* [TASK REQUIREMENTS]
Only the lines from the beginning of the data through the one with "主要材料为SUS304卫生级" belong in the answer, each retyped exactly, with pictures left out.

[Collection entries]

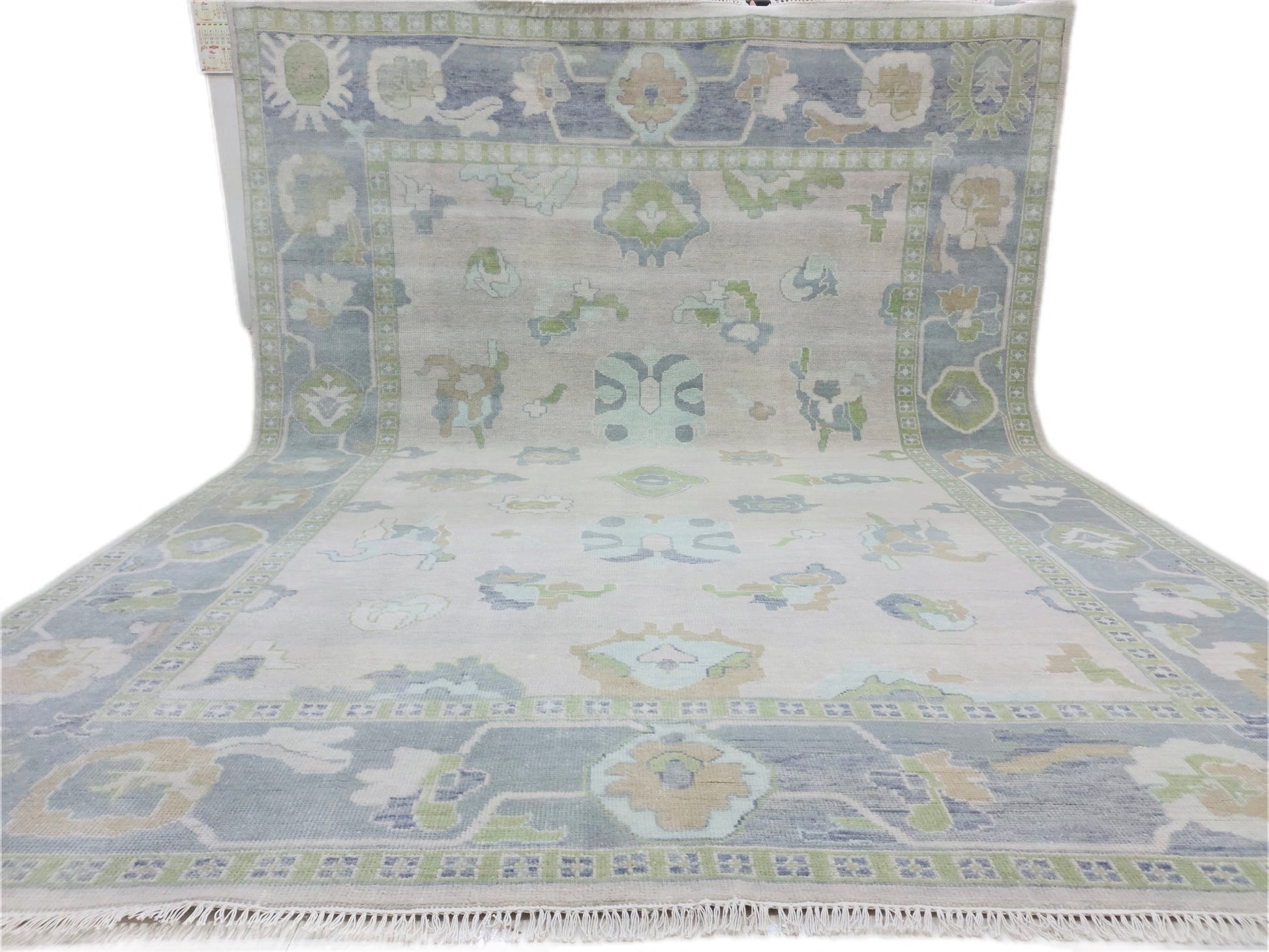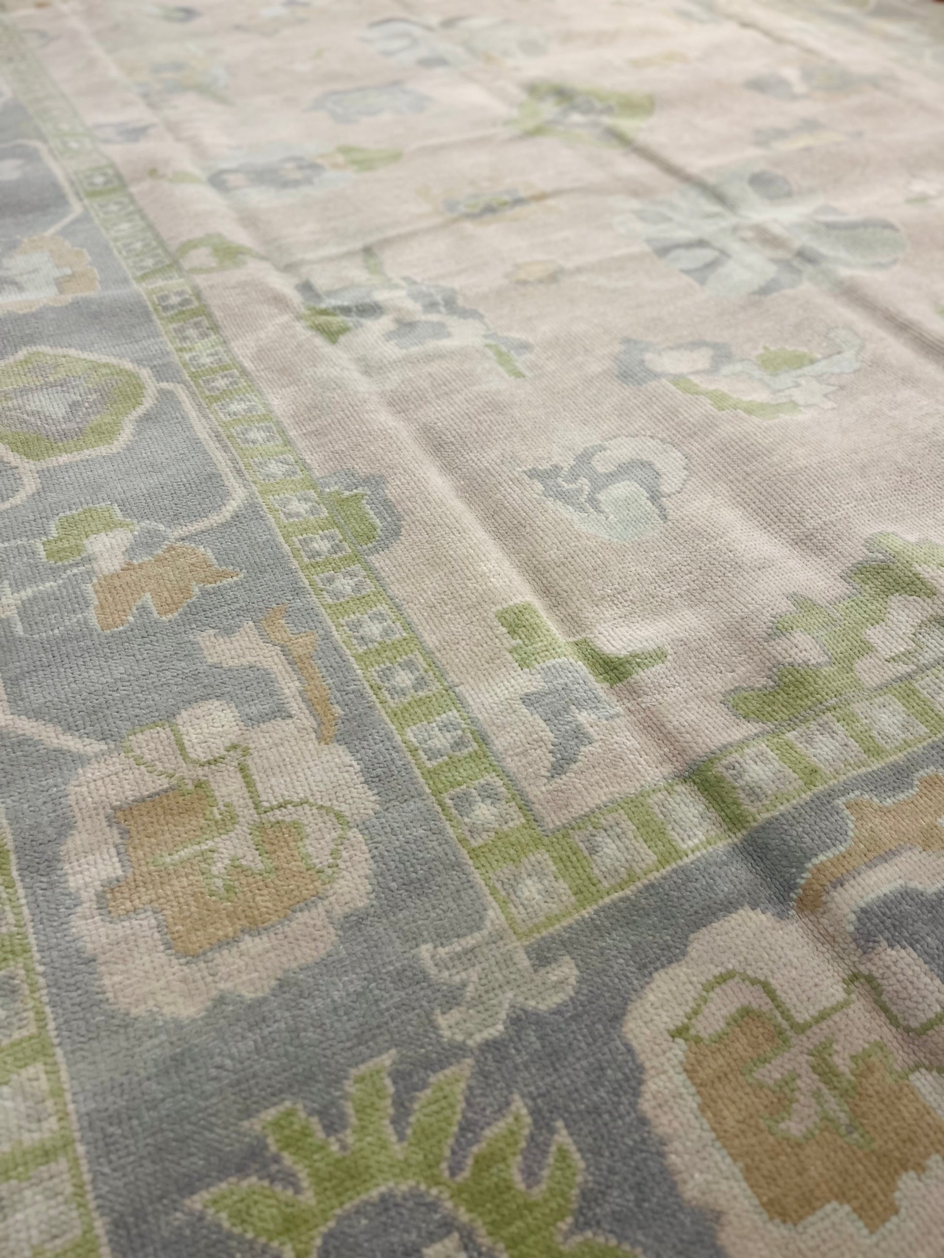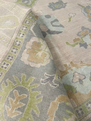 Modern Wool Oushak Rug, hand knotted with 100% New Zealand wool using a Turkish knot.
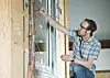 Steinar Grynning monterer sensorer på et vindu med integrert solskjerming før det skal prøves i SINTEF Byggforsks lab. Grynning skal snakke om fremtidens vinduer og fasader på bygningsfysikkdagen.
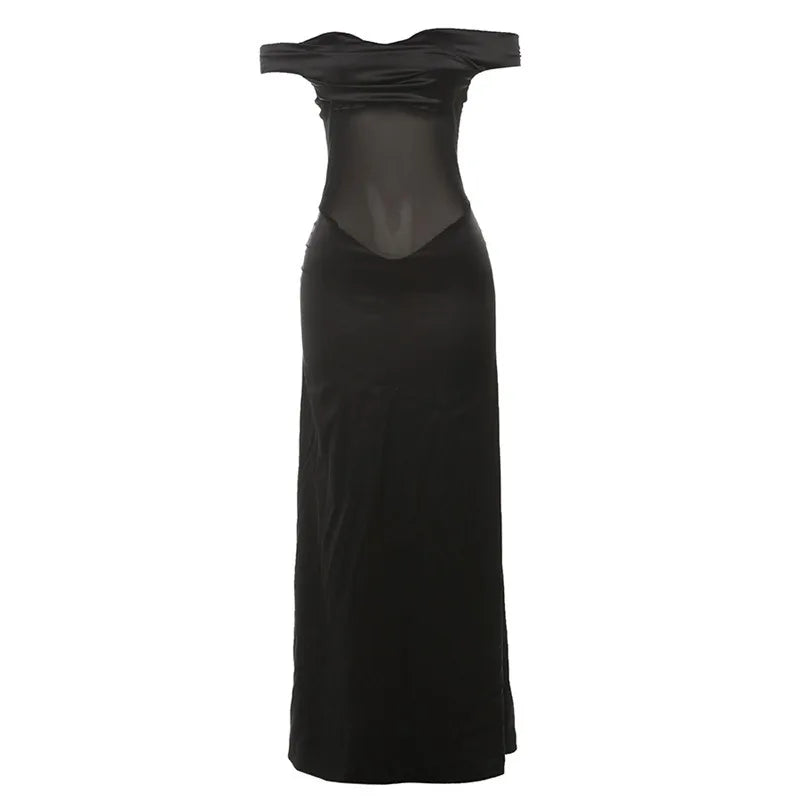 Satin Mesh See-through Green Party Dresses 2025 Woman Elegant Sexy Off Shoulder Maxi Dress
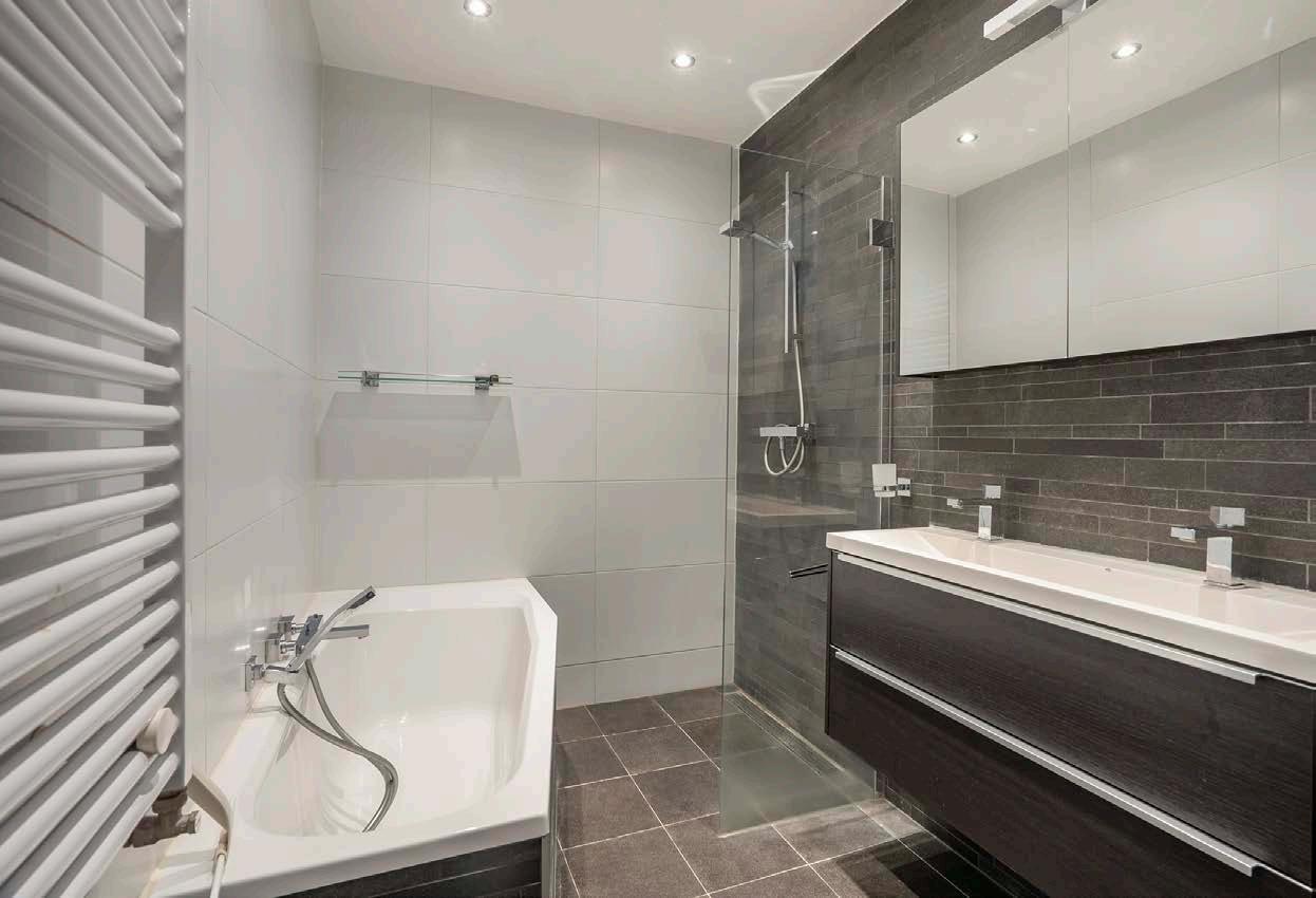 De badkamer heeft een zeer moderne uitstraling en is geheel betegeld. In de badkamer ben je voorzien van een wastafelmeubel met dubbele wastafel, inloopdouche en een ligbad.
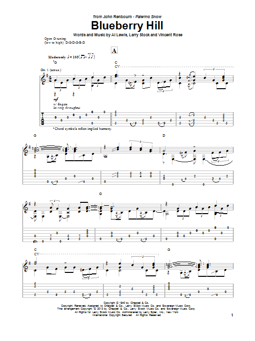 Download or print John Renbourn Blueberry Hill sheet music, chords and digital score arranged for Solo Guitar. This Standards score includes 5 page(s).
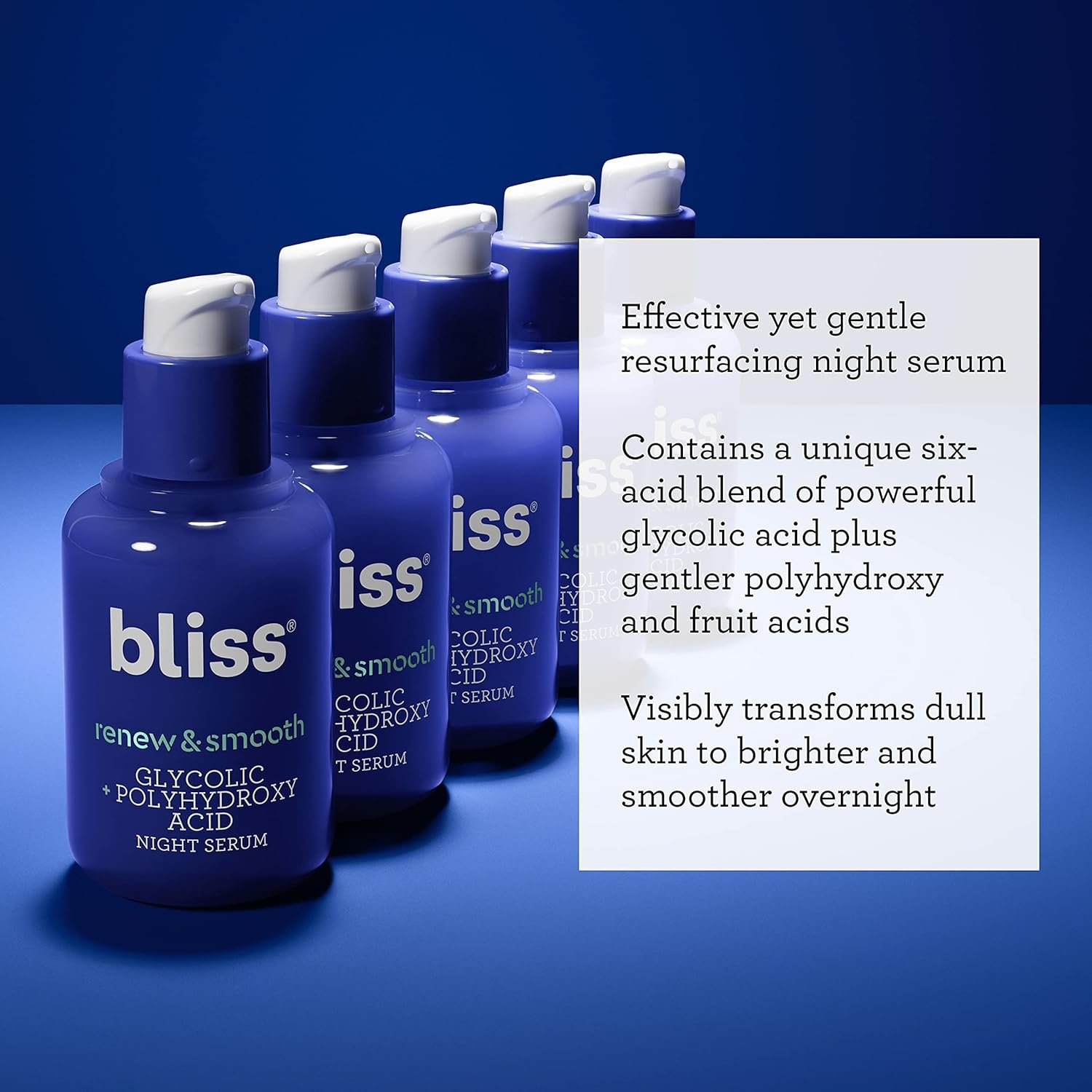 RENEW AND SMOOTH GLYCOLIC + POLYYHYDROXY ACID NIGHT SERUM: Wake up to smoother, more refined skin overnight with Bliss’ nightly PM serum. The floral jasmine scent makes it a rich and soothing part of your nightly skincare routine.
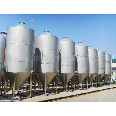 主要材料为SUS304卫生级不锈钢;上部为不锈钢蝶形,下部为60度圆锥形,排出酵母菌100%TIG焊接,清洁和抛光;设计压力0.2MPa,测试压力0.4MPa;3-4个坚固的不锈钢脚,高度可调水平支架,内壁厚度3毫米,聚氨酯泡沫绝缘,绝缘厚度60-100毫米,外皮厚度2毫米。
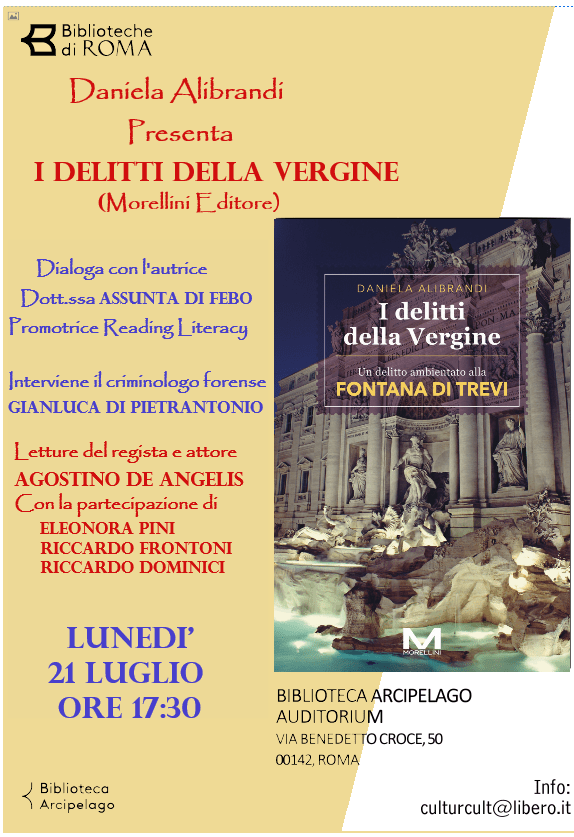 Lunedì 21 luglio, alle ore 17:30 vi aspetto alla Biblioteca Arcipelago Auditorium di Roma, Via Benedetto Croce 50. Una location eccezionale, con parcheggio e aria condizionata. Evitate di trascorrere un noioso pomeriggio chiusi in casa con il caldo. Vi aspettiamo per un evento molto particolare, dove alla presentazione del romanzo “I delitti della Vergine”, pubblicato da Morellini Editore lo scorso 4 luglio nella collana editoriale Luoghi e Storie, si abbinerà la recitazioine teatrale degli attori della Academy for Theatre, Cinema & Cultural HeritageEleonora Pini, Riccardo Frontoni e Riccardo Dominici, insiema al regista e attore Agostino De Angelis.
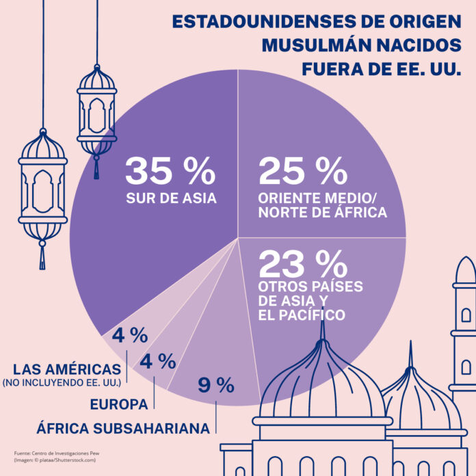 מתוך סך מוערך של 3.45 מיליון מוסלמים אמריקאים מכל הגילאים שחיו בארצות הברית בשנת 2017, 58 אחוז נולדו במדינה אחרת, על פי מרכז המחקר Pew.
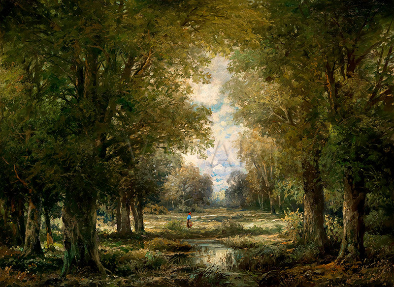 Адолф Кауфман (1848 – 1916) е изтъкнат австрийски пейзажист и маринист. По време на престоя си във Франция, особено през 1870-те, той е силно повлиян от Барбизонската школа и зараждащия се стил „пейзаж във времето“. Тези движения наблягат на реалистичните изображения на провинцията, прякото наблюдение на природата и интимното, често поетично изобразяване на пейзажите. Кауфман усвоява тези принципи, които се превръщат в отличителни белези на неговото творчество. Картините му са предимно пейзажи, с особена привързаност към горските сцени, изобразени през различни сезони. Способността му да улавя фините нюанси на светлината и атмосферата, текстурите на природния свят – от гъсти гори до спокойни води – му носи значително признание. Творбите на Адолф Кауфман са силно търсени и придобивани от видни колекционери, включително членове на европейското кралско семейство и благородници като император Наполеон III, принцеса Стефани Белгийска, ерцхерцог Фридрих, херцог на Тешен, цар Николай II на Русия и кралица Изабела II на Испания. Това покровителство подчертава широката популярност и ценното качество на неговото изкуство, осигурявайки наследството му като значителен принос към европейската пейзажна живопис от края на 19-ти и началото на 20-ти век.

* [SOLUTION]
 Modern Wool Oushak Rug, hand knotted with 100% New Zealand wool using a Turkish knot.
 Steinar Grynning monterer sensorer på et vindu med integrert solskjerming før det skal prøves i SINTEF Byggforsks lab. Grynning skal snakke om fremtidens vinduer og fasader på bygningsfysikkdagen.
 Satin Mesh See-through Green Party Dresses 2025 Woman Elegant Sexy Off Shoulder Maxi Dress
 De badkamer heeft een zeer moderne uitstraling en is geheel betegeld. In de badkamer ben je voorzien van een wastafelmeubel met dubbele wastafel, inloopdouche en een ligbad.
 Download or print John Renbourn Blueberry Hill sheet music, chords and digital score arranged for Solo Guitar. This Standards score includes 5 page(s).
 RENEW AND SMOOTH GLYCOLIC + POLYYHYDROXY ACID NIGHT SERUM: Wake up to smoother, more refined skin overnight with Bliss’ nightly PM serum. The floral jasmine scent makes it a rich and soothing part of your nightly skincare routine.
 主要材料为SUS304卫生级不锈钢;上部为不锈钢蝶形,下部为60度圆锥形,排出酵母菌100%TIG焊接,清洁和抛光;设计压力0.2MPa,测试压力0.4MPa;3-4个坚固的不锈钢脚,高度可调水平支架,内壁厚度3毫米,聚氨酯泡沫绝缘,绝缘厚度60-100毫米,外皮厚度2毫米。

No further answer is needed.